• To do: Please copy every record below exactly, leaving out the pictures.

• Dataset:
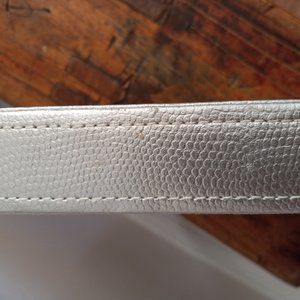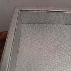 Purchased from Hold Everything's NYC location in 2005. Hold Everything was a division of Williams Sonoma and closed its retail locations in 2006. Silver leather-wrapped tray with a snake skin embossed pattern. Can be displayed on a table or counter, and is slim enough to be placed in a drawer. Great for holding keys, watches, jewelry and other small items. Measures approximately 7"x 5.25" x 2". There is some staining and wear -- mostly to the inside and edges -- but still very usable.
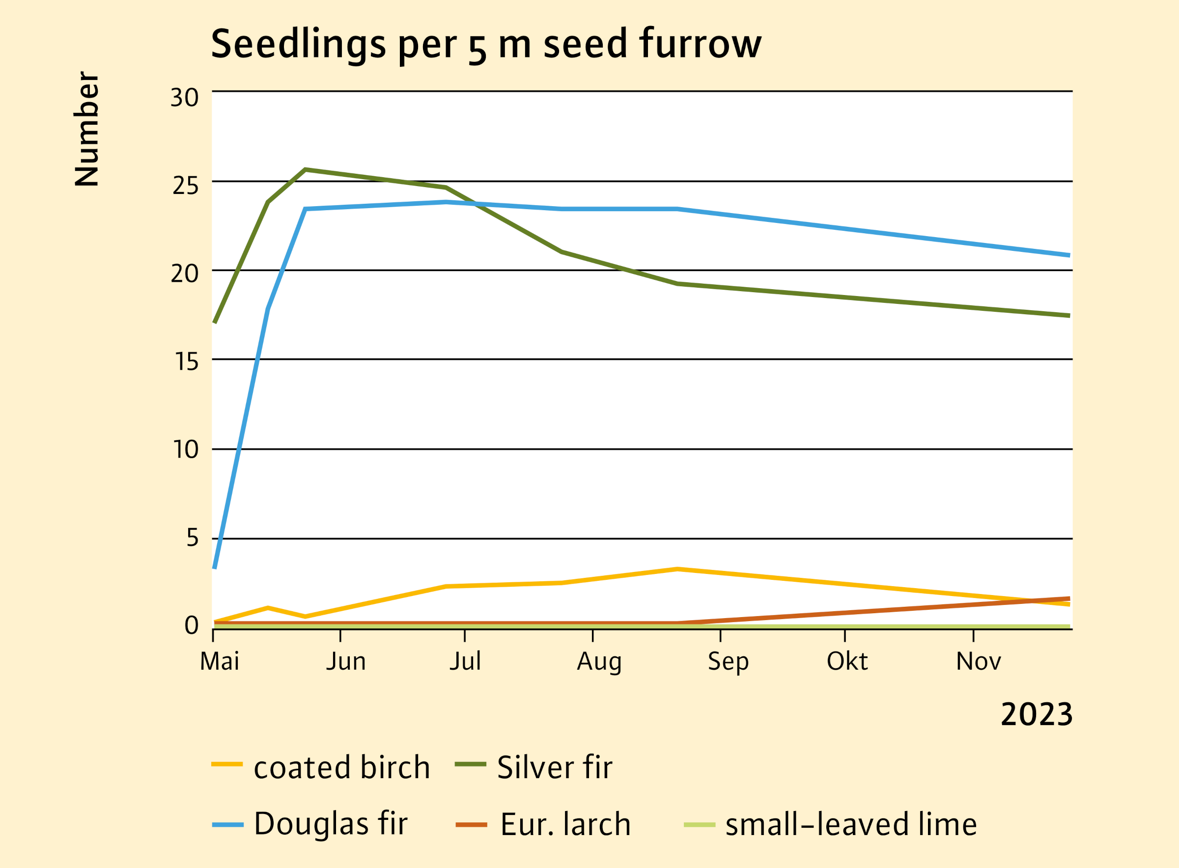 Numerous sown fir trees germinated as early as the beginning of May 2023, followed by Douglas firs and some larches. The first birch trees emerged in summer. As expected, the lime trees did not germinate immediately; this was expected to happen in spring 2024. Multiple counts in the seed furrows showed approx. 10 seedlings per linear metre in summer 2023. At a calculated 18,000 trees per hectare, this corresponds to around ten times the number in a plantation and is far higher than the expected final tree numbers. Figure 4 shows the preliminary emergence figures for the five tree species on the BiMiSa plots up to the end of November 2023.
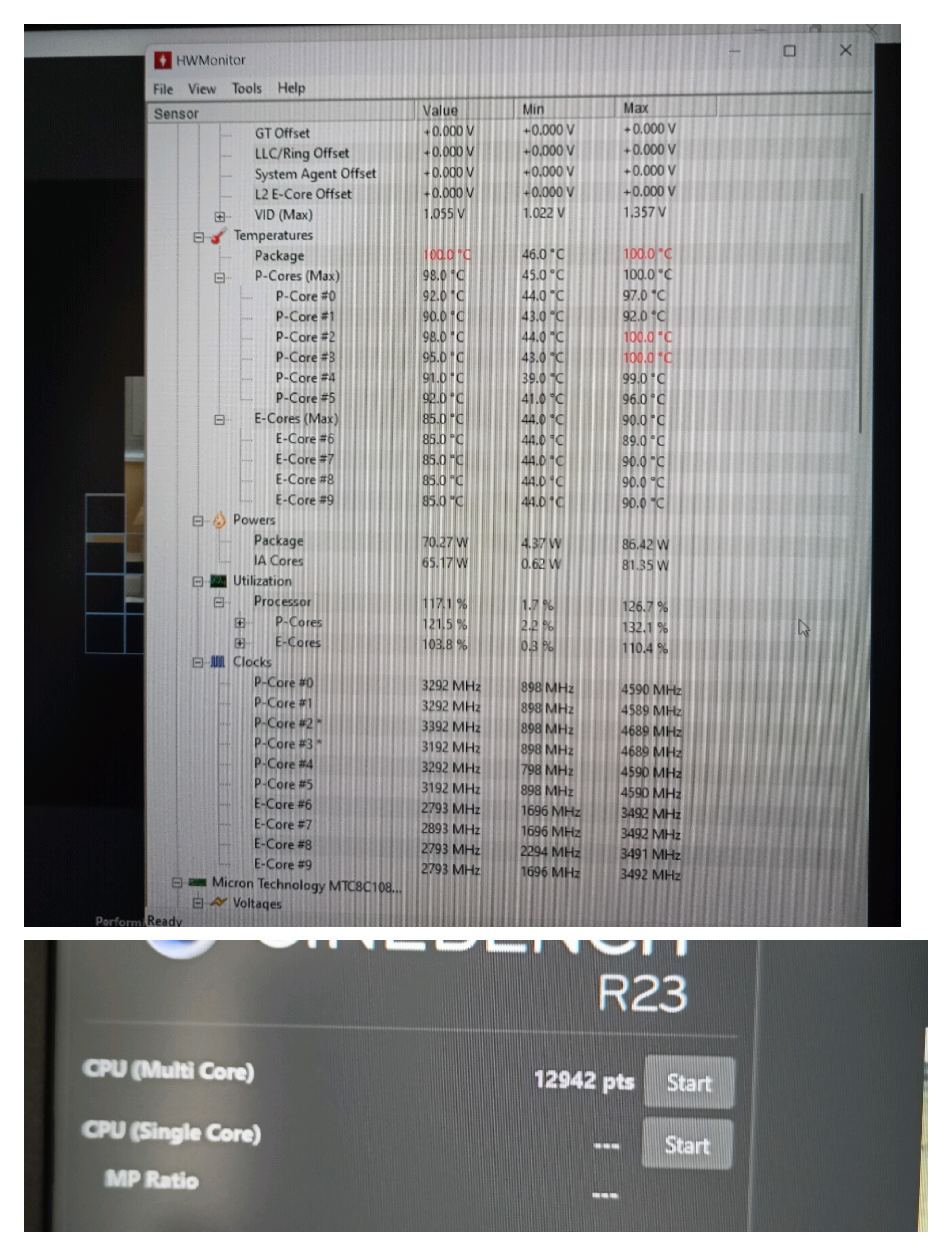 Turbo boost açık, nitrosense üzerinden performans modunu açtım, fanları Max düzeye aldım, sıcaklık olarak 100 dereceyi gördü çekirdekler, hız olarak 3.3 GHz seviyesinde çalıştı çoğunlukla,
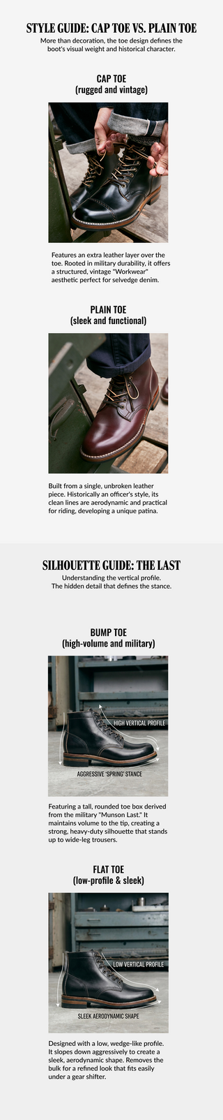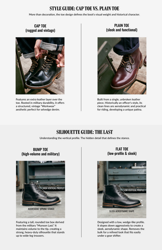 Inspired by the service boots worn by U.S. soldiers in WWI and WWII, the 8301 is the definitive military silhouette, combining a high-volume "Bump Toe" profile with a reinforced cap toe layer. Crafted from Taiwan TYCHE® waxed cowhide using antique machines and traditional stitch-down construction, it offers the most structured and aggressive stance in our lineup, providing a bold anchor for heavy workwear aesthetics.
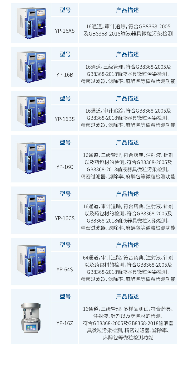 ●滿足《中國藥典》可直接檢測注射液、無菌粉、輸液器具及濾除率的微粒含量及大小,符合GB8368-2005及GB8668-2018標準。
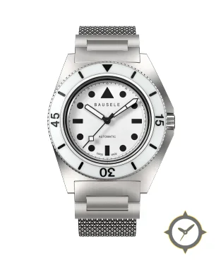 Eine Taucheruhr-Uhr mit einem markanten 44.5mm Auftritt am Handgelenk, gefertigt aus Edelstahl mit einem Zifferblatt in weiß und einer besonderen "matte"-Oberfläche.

• Task output:
 Purchased from Hold Everything's NYC location in 2005. Hold Everything was a division of Williams Sonoma and closed its retail locations in 2006. Silver leather-wrapped tray with a snake skin embossed pattern. Can be displayed on a table or counter, and is slim enough to be placed in a drawer. Great for holding keys, watches, jewelry and other small items. Measures approximately 7"x 5.25" x 2". There is some staining and wear -- mostly to the inside and edges -- but still very usable.
 Numerous sown fir trees germinated as early as the beginning of May 2023, followed by Douglas firs and some larches. The first birch trees emerged in summer. As expected, the lime trees did not germinate immediately; this was expected to happen in spring 2024. Multiple counts in the seed furrows showed approx. 10 seedlings per linear metre in summer 2023. At a calculated 18,000 trees per hectare, this corresponds to around ten times the number in a plantation and is far higher than the expected final tree numbers. Figure 4 shows the preliminary emergence figures for the five tree species on the BiMiSa plots up to the end of November 2023.
 Turbo boost açık, nitrosense üzerinden performans modunu açtım, fanları Max düzeye aldım, sıcaklık olarak 100 dereceyi gördü çekirdekler, hız olarak 3.3 GHz seviyesinde çalıştı çoğunlukla,
 Inspired by the service boots worn by U.S. soldiers in WWI and WWII, the 8301 is the definitive military silhouette, combining a high-volume "Bump Toe" profile with a reinforced cap toe layer. Crafted from Taiwan TYCHE® waxed cowhide using antique machines and traditional stitch-down construction, it offers the most structured and aggressive stance in our lineup, providing a bold anchor for heavy workwear aesthetics.
 ●滿足《中國藥典》可直接檢測注射液、無菌粉、輸液器具及濾除率的微粒含量及大小,符合GB8368-2005及GB8668-2018標準。
 Eine Taucheruhr-Uhr mit einem markanten 44.5mm Auftritt am Handgelenk, gefertigt aus Edelstahl mit einem Zifferblatt in weiß und einer besonderen "matte"-Oberfläche.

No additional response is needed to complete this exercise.